In short, those jacks provide enormous flexibility and are a good thing to have.

Regards,
Jerry
Thanks for the explanation! That definitely makes sense now that I am reading it. So far, everything is still working. Weird that it was the Tape Monitor Pot, but as @WaynerN stated, the signal runs through all of these, so it makes sense once explained. Thanks, everyone!
 
It did come back on, and it also went off if it did it a couple more times, but then it also came back on after another time or two. Alright, I will start pressing it like a mad man and see if signal sticks around longer than an hour, which I won't be able to actually "test" until tomorrow, but I will do the "dirty" work now.

The signal is supposed to cut out when you press the tape monitor button, and supposed to cut back in again when you press it again.

bs
 
The signal is supposed to cut out when you press the tape monitor button, and supposed to cut back in again when you press it again.

bs
That part I know, and I guess I should have explained that better at the time. Yes, the entire signal goes out when depressed, but when the signal should have been back on after releasing it, the signal was out again in the right speaker. But all is well now! :)
 
I don't know this receiver but if it doesn't need jumpers there, it must have a switch somewhere that switches between an internal connection vs. those jacks on the rear panel. Or, it automatically senses whether anything is plugged in and switches itself internally. Check your owners manual, and if you don't have one, you should find it on the web somewhere.

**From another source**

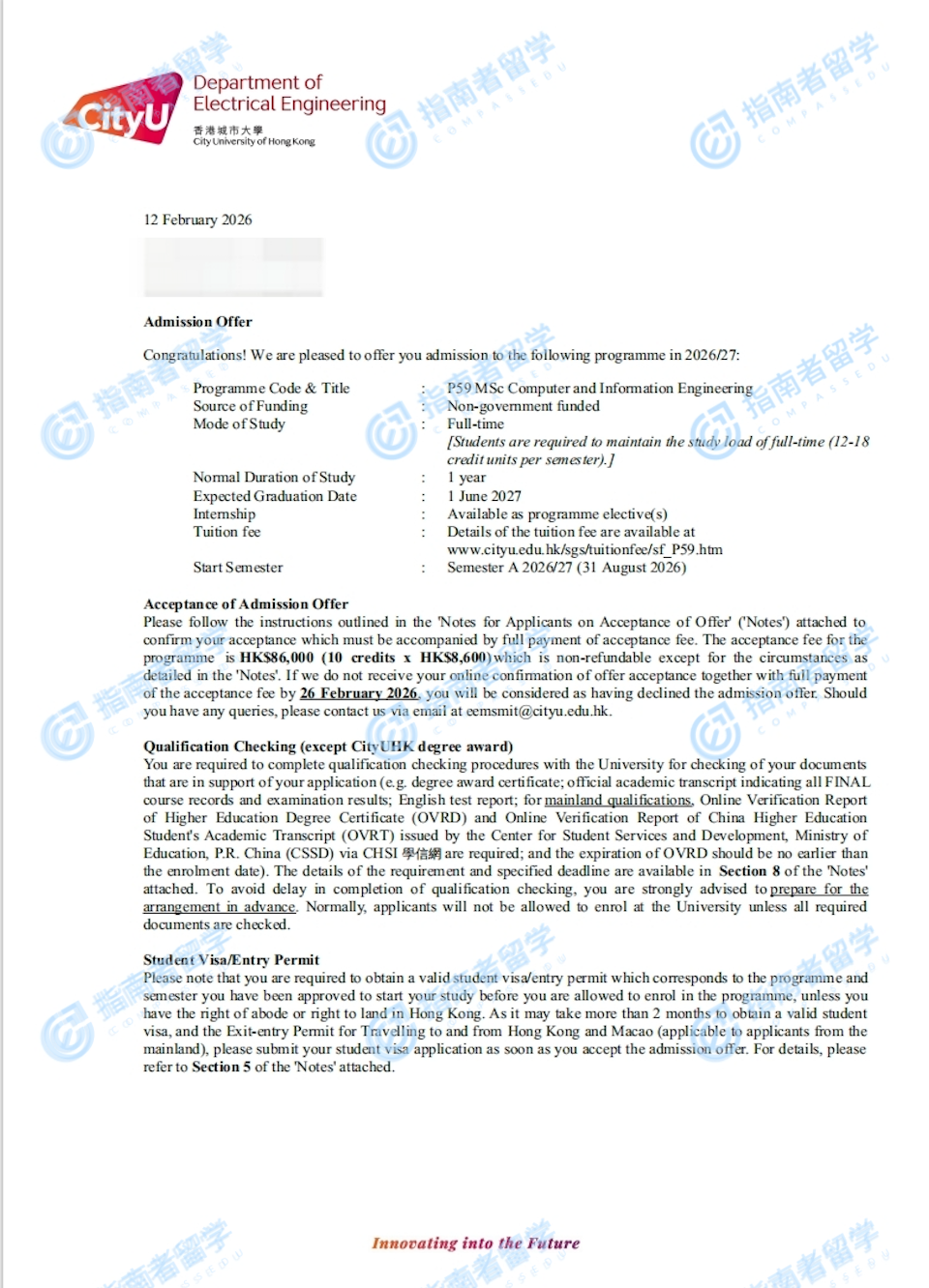香港城市大学电子计算机与资讯工程理学硕士研究生offer一枚

BTW, the socket on the receiver is a 'jack', what you plug into it is a cable. In the case of pre-out/main jacks, 'jumpers' are sometimes used, basically a really short cable.

Sure sounds like a connection or switch contact not quite making contact, but follow the advice above and it should reveal itself.

As noted, the pre-out/main in jacks are internally connected and constructed to be normally closed (connected) with no jumper in them. When a jumper or RCA plug is installed, the signal is then routed to the cable plug and not internally.

IMO, since the contacts internally may be small or even tiny point contacts, and can suffer from oxidation and corrosion over time, it is useful to consider using a short and decent quality RCA stereo interconnect cable to connect the pre-out/main in (Right to right, left to left) - the surface area of contact is much larger and gets a useful wipe each time the plug is inserted or twisted plus has much more area for DeOxit to be effective. Also, the large external ground surface is useful and cleanable, although I suspect the internal ground connections are directly soldered or connected.

The signal is supposed to cut out when you press the tape monitor button, and supposed to cut back in again when you press it again.

bs

Yes, and that's why the crackling and intermittent noise and signal occur with monitor button actuation - the very low levels of signal aren't enough to cut through any accumulated oxidation. Same thing with any other additional tape monitor, Dolby, tone control in/out, balance controls, etc. Because so many different switches, controls, filters, selector switches are included in a receiver, its important to consider each one and get them cleaned.